El padre de VERDI vivía justo a la vuelta de la esquina desde Rathaus, en lo alto de Mühlenstrasse, cerca de la clínica oftalmológica. Berlín no es una ciudad muy antigua, comparada con Londres o París. A principios de siglo no era excesivamente extensa. En quince minutos a pie desde el centro de la ciudad uno puede divisar aquí y allá los restos de grandiosas mansiones campestres, construidas por hombres que querían estar lejos de la Alexanderplatz y del bullicio y trasiego de la vida urbana. Actualmente la mayoría de estas mansiones han sido derribadas siguiendo planes urbanísticos y han sido sustituidas por bloques de apartamentos. Los terrenos y jardines se han transformado en centros deportivos, en parques o en Volhsschwimmhalle, como la que se veía desde el apartamento donde vivía Fedosov.

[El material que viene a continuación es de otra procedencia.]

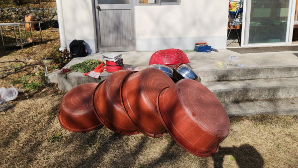 공양팀은 설거지와 바닥 청소를 마친 뒤, 처음보다 더 깨끗하게 뒷정리를 했습니다. 김장에 쓰인 큰 대야와 선반들도 깨끗이 닦아 물기를 뺍니다. 수련원 마당은 다시 조용한 원래의 모습으로 돌아갔습니다. 한 달여 간 행사를 준비한 지회 봉사자들도 앞치마와 머리 두건을 벗으며, 한 해를 잘 마무리했다는 감사의 인사를 나눈 뒤 각자의 일상으로 돌아갔습니다.

Conocía aquellas calles. El edificio quedaba convenientemente cerca de la estación de S-Bahn Pankow, de la estación de U-Bahn Pankow y también de la comisaría de policía. Éstos eran los lugares elegidos para albergar a los VIP, a los oficiales de seguridad de alta graduación, a unos cuantos veteranos del Ejército Rojo como Fedosov y al personal jubilado de la Stasi. Hubo un tiempo en que allí, alrededor del edificio, siempre había una patrulla de policía, pero incluso allí la economía pasaba por estrecheces y aquel día no vi a ningún oficial de uniforme.

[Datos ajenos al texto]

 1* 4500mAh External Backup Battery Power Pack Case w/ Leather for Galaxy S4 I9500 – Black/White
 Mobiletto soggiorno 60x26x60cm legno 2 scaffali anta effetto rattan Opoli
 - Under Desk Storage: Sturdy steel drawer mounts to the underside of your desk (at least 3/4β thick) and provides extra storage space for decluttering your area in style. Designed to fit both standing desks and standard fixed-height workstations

Aparte de un feo bloque de apartamentos, aquélla era una calle de edificios antiguos. Viviendas unifamiliares hasta la época de Hitler y que ahora estaban divididas en apartamentos espaciosos, como el que ocupaba Fedosov en la segunda planta del número 16.

¿Ja? —dijo una voz a través de la rejilla de plástico que había al lado de la puerta.

—¿El coronel Fedosov? —pregunté tras hacer un cálculo del rango con el que podía haberse retirado.

—Capitán Fedosov —respondió la voz—. ¿Quién es usted? ¿Qué quiere?

Era la voz petulante de un viejo caprichoso.

—Quiero hablar con usted. Soy un amigo de su hijo. ¿Me permite pasar?

—Suba.

Me quedé abajo tiritando de frío. Se oyeron algunos gemidos y gruñidos antes de que por fin sonara un zumbido fuerte y la puerta se abriera para permitirme el paso. Al entrar me recibió una oleada de calor. No importa que a uno no le gustase el comunismo alemán, el hecho es que la organización que tenían en lo que a calefacción se refiere siempre resultaba un derroche excesivo. La calefacción la proporcionaba el Estado, estaba incluida en el precio del alquiler y no la escatimaban.

El vestíbulo era grandioso, con el suelo de mármol blanco y negro formando elaborados dibujos. Pankow había escapado de la guerra relativamente intacto. Los bombardeos de la artillería del Ejército Rojo y los ataques aéreos se habían concentrado sobre el Mitte, el Reichstag, la Cancillería, Wilhelmstrasse y el Palacio. Después de unos cuantos días iniciales de rapiña y saqueo, habían requisado las mejores casas de los todavía intactos barrios burgueses como aquél para que las ocupasen militares y políticos.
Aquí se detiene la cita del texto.